Dünya ülkelerinin en çok üzerinde durdukları ortak sözcük, “Kalkınma” sözcüğü olsa gerektir. Çünkü ötedenberi hiç bir hükümet yoktur ki, iş başına gelir gelmez, en temel mesele olarak “kalkınma” yı programına almamış olsun…

Görüldüğü kadarıyla kalkınma davası, çoğu ülkelerce tek boyutlu yani sadece maddi olarak ele alınmakta, maddi refaha kavuşma ile kalkınma olayı aynı manayı ifade eden kavramlar olarak kabul edilmektedir.

Esasen değil sadece müslüman milletlerin, maneviyata önem veren başta kitap ehli milletler olmak üzere ahlaka değer veren büyük laik toplumlann dahi bu tarz kalkınma modelini benimsemeleri gerekir. Ama ne yazıkki durum böyle değildir. Hatta dünyada kalkınmasını bu minval üzere gerçekleştirmeye çalışan tek bir ülke dahi gös­terilemez. Nitekim etrafa şöyle bir bakacak olursak, bir tarafta manen ahlaken çöktükçe çöken ancak korku belası başları dönmek pahasına teknoloji yarışında iddialı ol­maya çalışan iki bloka ayrılmış olan sanayileşmiş zengin ülkeler, diğer taraftan aynı manevi çöküş girdaplarında çır­pınan, uyuşuk hale getirildiğinden uydu görevi verilmiş, sloganlarla avutulan fakir aciz ülkeleri görmekteyiz.
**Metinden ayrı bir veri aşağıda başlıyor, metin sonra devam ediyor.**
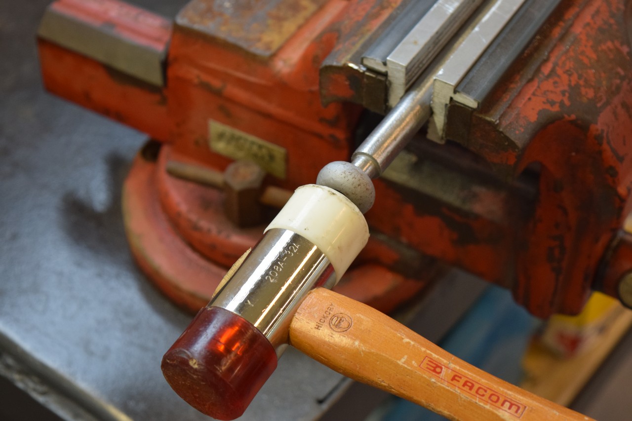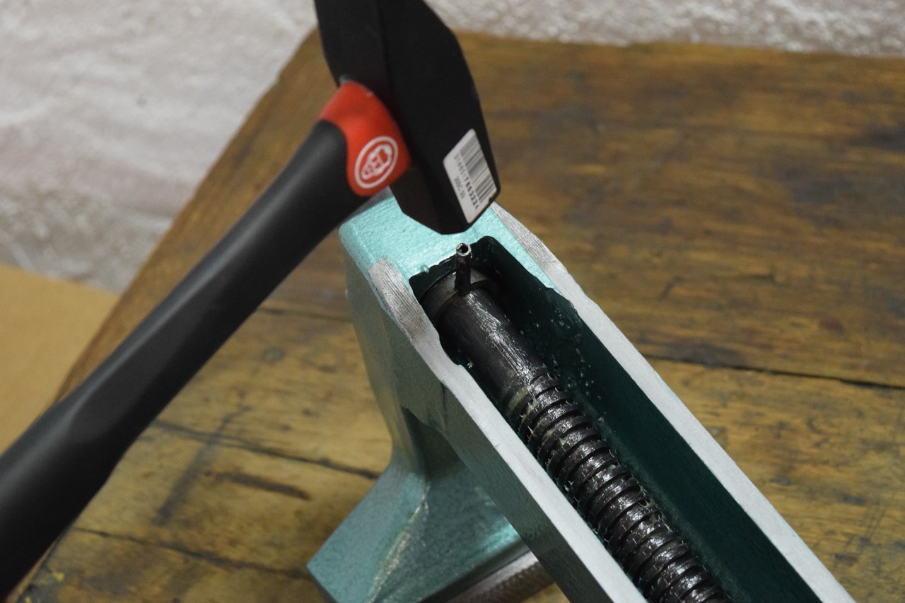 Pour cela, je tapote avec un chasse goupille et un marteau pour enfoncer légèrement la goupille.
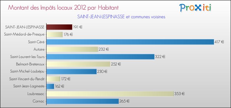 A Saint-Jean-Lespinasse, les impôts locaux par habitant ont donc augmentés de 46.92 % entre 2000 et 2012.
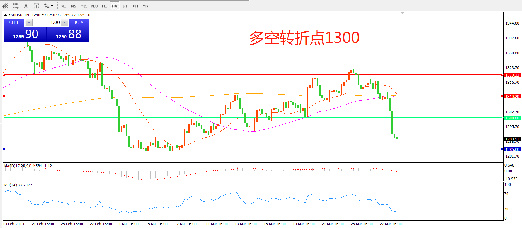 交易策略:在1300.00之下看跌,目标1285.00   1270.00
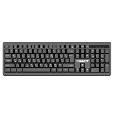 Беспроводная клавиатура SONNEN 1065, имеет современный дизайн, а также оснащена бесшумными клавишами, которые позволяют сфокусироваться на работе за компьютером и ноутбуком. Для начала работы необходимо лишь установить наноресивер в свободный USB-порт.Клавиатура оснащена классическим набором из 104 клавиш с полноразмерными "BackSpace", "Enter" и "Пробел". Все клавиши - бесшумные. Питание набора обеспечивается элементом питания типа AА (в комплект не входит). Радиус действия – 10 м. Цвет – черный. Вес – 420 г. Размер – 25,3х136х438 мм. АДАПТЕР ЛЕЖИТ В ОТСЕКЕ ДЛЯ БАТАРЕЕК!
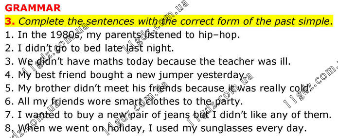 GRAMMAR 3. Complete the sentences with the correct form of the past simple. 1. In the 1980s, my parents listened to hip–hop. 2. I didn’t go to bed late last night. 3. We didn’t have maths today because the teacher was ill. 4. My best friend bought a new jumper yesterday. 5. My brother didn’t meet his friends because it was really cold. 6. All my friends wore smart clothes to the party. 7. I wanted to buy a new pair of jeans but I didn’t like any of them. 8. When we went on holiday, I used my sunglasses every day.
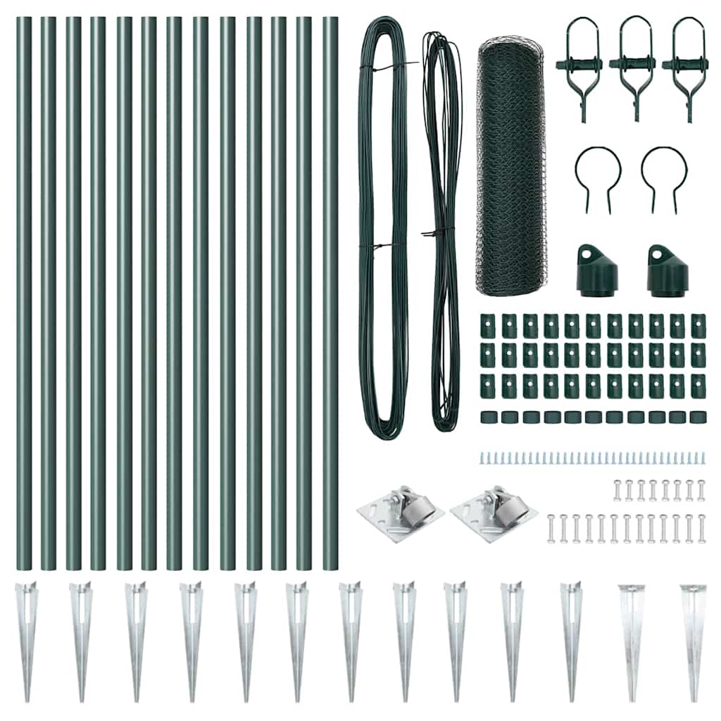 - 1 x Omheining rol, 22 x Post, 4 x Hoekpost, 22 x Plastic kap, 66 x Plastic spankabel ondersteuning, 4 x Hoekpost kap, 4 x Hoekpost hardware, 6 x Spanner, 2 x 25 m Binddraad, 2 x 80 m Spankabel
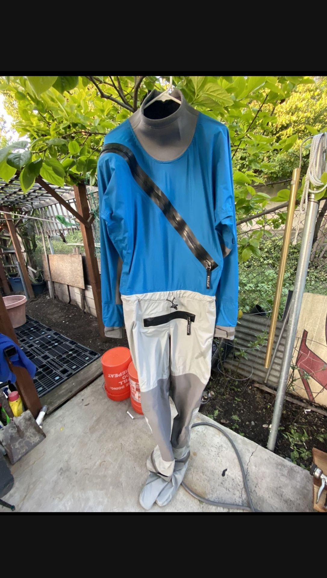Got a kokata semi dry suit for sale. Size large. Suit has full socks so no water will get in. Also has latex wrist seals so no water will get in from there either. Neck seal is neoprene with a  cinch cord we’re you can tighten it to your comfort and water tightness. Some water may get in from there but very little. It’s also a good thing because you can loosen the cord and lease some air from the suit if it ever gets to stuffy. Had it for 2 seasons. Always washed with fresh water and soap. Suit always was hung to dry. Never folded once. Well taken care off.

Kısacası kalkınma konusunda dünyada bir karmaşadır, sürüp gitmekte, öyle ki ekonomi ilmi de, bu gidişe alet edilmektedir.

Oysa tarihe bakıldığında, hangi millet manevi yönden iyi bir seviyeyi tutturmuş ise, maddiyat yönünden de ol­dukça mükemmel bir seviyeyi ortaya koymuştur. Ki ta­rihte insanlığı, adalete ve gerçek medeniyete gark eden milletler işte bu şekilde ortaya çıkmıştır. Şöyle ki; Batıda İskender dönemi Yunanistan’ında, Jüstinyen dönemi Bi­zans’ında, doğuda Hz. Süleyman dönemi Yehudas’ında, Hz.Muhammed ve dört halife dönemi Ön Asya’sında ve sonraki Selçuklu ve Osmanlı ülkelerinde tesis edilen adalet ve gerçek medeniyetlerin temelinde ger­çek bir kalkınmanın olduğu, bilinmekte olup, bunun yani iki boyutlu maddi ve manevi kalkınmanın ne denli doğru olduğunun delilidir.

Kimler nasıl ele alırsa alsın, manevi boyutu olmayan bir kalkınma davası olamaz, düşünülmesi de, teşebbüs edilmesi de pek tabii kandırmacadır. Bu sebeple kalkınma denilince, iki boyutlu gerçek kalkınma esas olmalıdır. Yani fert­ler veya cemiyetler, bir yandan ilahi fermanın (vahiy kaynaklı fazilet ve saadet reçeteleri) gerektirdiği şekilde eğitilerek manevi kalkınma sağlanmalı, aynı zamanda fert veya cemiyet, ilmi ve teknik araştırma-geliştirme fa­aliyetleriyle sanayie, ticarete ve ziraate önem vermekle maddi kalkınma sağlanmalıdır. Ki aksi halde büyük istihdam sorunu ortaya çıkmaktadır.) Şüphesiz imanlı, fa­ziletli, adil, çalışkan bir millet olma vasfına kavuşulması, güçlü ve müreffeh bir ülke durumuna gelinmesi , iki boyutlu kalkınma ile mümkündür. Bunun için her şeyden önce kal­kınma davasına samimiyetle inanan ve bağlanan eğitici ve ilim adamlarının ön almaları almaları gerekir.